Yeah, I've been working out a little.

That's why you need the protein.

Yeah. I feel a lot better, especially in the winter.

You've been on the road quite a bit recently. How does your girlfriend feel about you traveling a bunch?

She backs it. She also misses me.

And you miss her.

Yeah, definitely.

What does she say when you leave?

She's cool that I'm doing stuff. Seeing the world is the best. She agrees with that.

She probably gets jealous.

Yeah, the only thing she gets bummed on is that she would want to do trips with me as well.

When are you going to take her on a trip?

Well, maybe not on a skate trip, but on our own, for sure.

What kind of trips have you been on recently?

Before this, we just went to Italy for two weeks.

You guys saw a volcano erupt out there?

Actually, it's a funny story. The volcano started erupting in the evening.

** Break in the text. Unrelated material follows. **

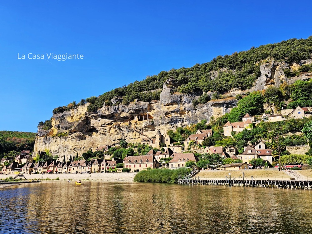La Roque-Gageac, un altro dei meravigliosi villaggi da cartolina della Dordogna, lo abbiamo visto così, dal fiume – forse la prospettiva migliore su questo incredibile paesino, incastonato tra una falesia calcarea a strapiombo e l’ansa del fiume, con le case color ocra che quasi si confondono con la roccia.

You can see it from down in the city, Catania. We decided to drive up to it to get a good view. We went to as far as you can drive and there's snow by that point. It's really cold. Me, Kevin [Lowry], and Adrian [Del Campo] decide to walk up for an hour and a half to get a better view. We thought it'd only take half an hour, but there kept on being ridges and stuff. We kept on wanting to turn back, but we made it to a ridge where we had a badass view and then stared at it for 25 minutes.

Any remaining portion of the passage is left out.